Likewise, emotions are commonly thought of as discrete and distinct — fear, anger, happiness — while affect (produced by interoception) is continuous. The theory of constructed emotion suggests that at a given moment, the brain predicts and categorizes the present moment (of continuous affect) via interoceptive predictions and the "emotion concepts" from one's culture, to construct an instance of emotion, just as one perceives discrete colors. This process instantiates the experience of "having an emotion".

For example, if someone's brain predicts the presence of a snake as well as the unpleasant affect that would result upon encountering a snake ("interoceptive prediction"), that brain might categorize and construct an experience of "fear." This process takes place before any actual sensory input of a snake reaches conscious awareness. In contrast, a "basic emotions" researcher would say that the person first sees the snake, and this sensory input triggers a dedicated "fear circuit" in the brain.

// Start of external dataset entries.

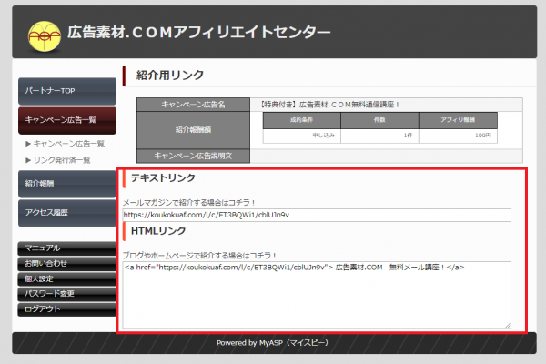広告素材.COMアフィリエイトセンターは、「広告素材.COM 無料メール講座!」を始め、当社で提供しているサービスを販促する目的で開設しました、オプトイン(無料登録)専門のASPになります。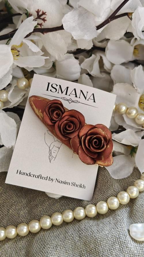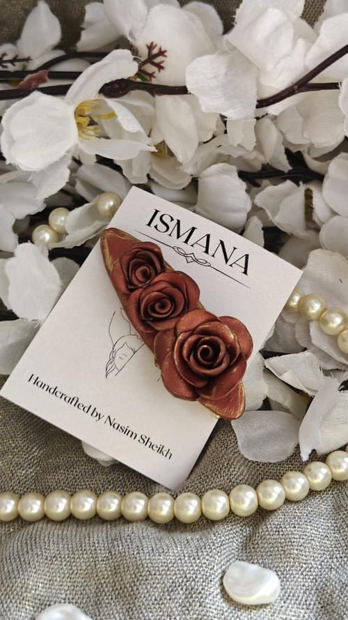 A rich, monochromatic accessory. This barrette is fully coated in a stunning metallic bronze/copper finish. It features a continuous arrangement of three perfectly sculpted 3D roses, giving it a luxurious, antique metallic look. A fantastic piece to complement earthy or dark-toned ethnic wear.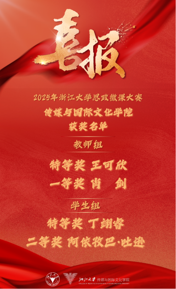 5月6日下午,2025年浙江大学思政微课大赛决赛在紫金港校区顺利举行。威廉希尔(WilliamHill-中文官方网站)教师王可欣获特等奖、肖剑获一等奖;2024级新闻与传播专业硕士生丁翊睿获特等奖、2022级国际新闻本科生阿依孜巴·吐逊获二等奖。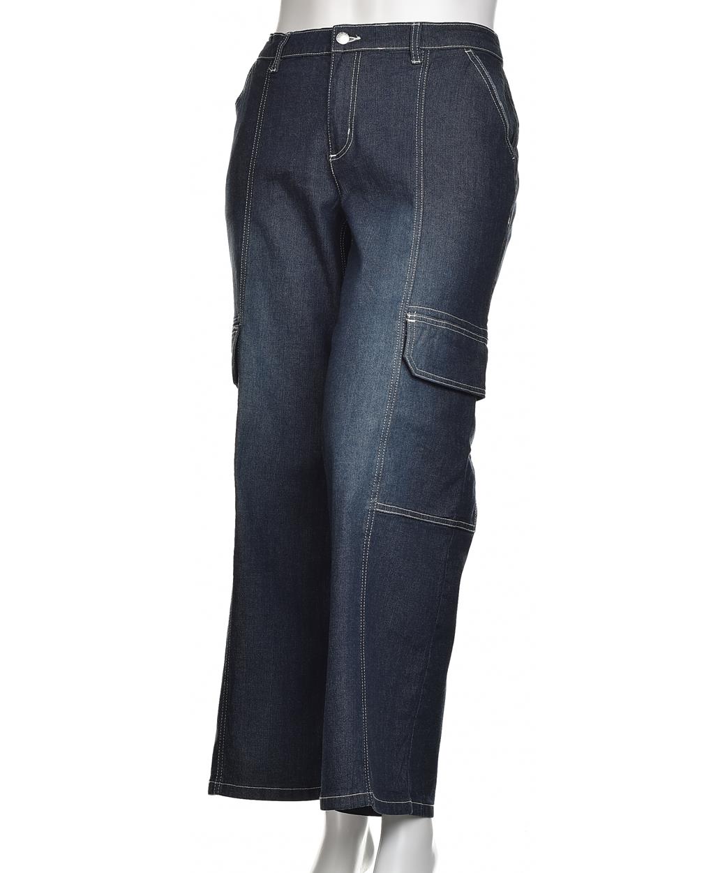Дамски памучни дънки в тъмносиньо с прав крачол и актуални странични джобове с капаци. Комфортна кройка, контрастни шевове и устойчив плат – идеални за всекидневие и градски стил. Практични и стилни!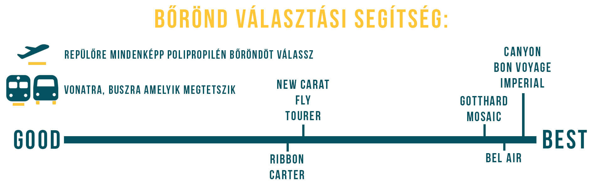 Ha busszal, vonattal illetve kocsival utazunk, akkor a legfontosabb, hogy jó kereke legyen a bőröndnek. Lehet az vászon, vagy kemény bőrönd, igazából teljesen mindegy. A bőröndre mi magunk fogunk vigyázni, mi magunk húzzuk, így nem fog előfordulni a harmadik fél által okozott kár.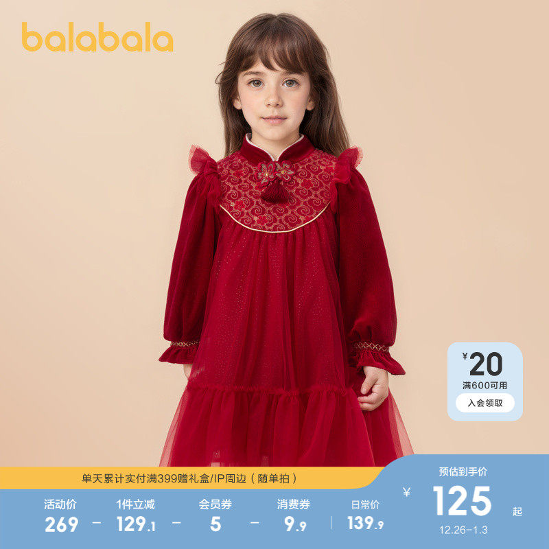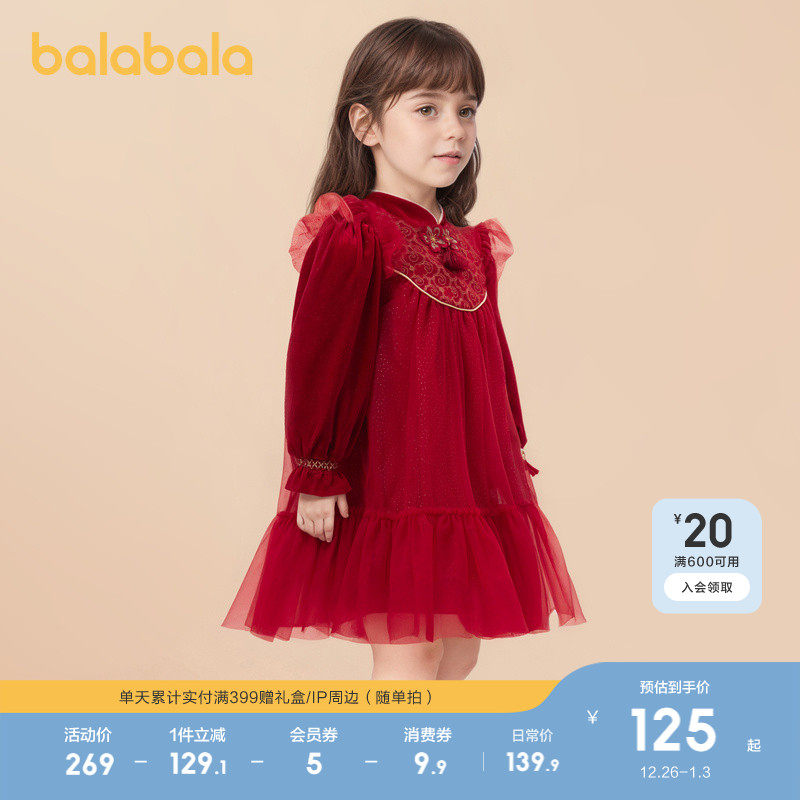 巴拉巴拉童装女童国风连衣裙小童演出服甜美网纱公主裙红色拜年服

===Earlier incarnations of the theory===

Early incarnations of the theory were phrased in terms of core affect rather than interoception. Core affect is a neurophysiological state characterized along two dimensions:

- Pleasure vs. displeasure, measured along a continuous scale from positive to negative.
- High arousal vs. low arousal, measured along a continuous scale between these endpoints.

According to the original conceptual act model, emotion is generated when a person categorizes his/her core affective state using knowledge about emotion. This theory combines elements of linguistic relativity and affective neuroscience.

The term "core affect" was first used in print by Russell and Barrett in 1999 in Journal of Personality and Social Psychology where it is used to refer to the affective feelings that are part of every conscious state (as discussed by Wundt in his 1889 System der Philosophie). The term "core affect" also appears to have been used as a phrase that relates to neuropsychological understanding of behavior as a morbid affect at the roots of any type of human behavior.

== Other researchers ==
Joseph LeDoux has reached similar views.

The theory denies "essentialism" of brain areas exclusively dedicated to emotion, such as the seven primary affective systems proposed by the affective neuroscientist Jaak Panksepp. (Note that Barrett and Panksepp use the word "affect" to mean different things. Barrett defines affect as a basic feature of consciousness, akin to light and dark or loudness and softness, consisting of a combination of valence and arousal, consistent with the original definition of affect by Wilhelm Wundt. Panksepp uses the term in the plural, "affects," to refer to his proposed seven systems.) Panksepp characterized the theory of constructed emotion as an "attributional–dimensional constructivist view of human emotions [which] postulates that positive and negative core affects are the basic feelings—the primary processes—from which emotional concepts are cognitively and socially constructed". (Since the theory of constructed emotion is not about core affect, this statement likely refers to Barrett's older conceptual act theory.)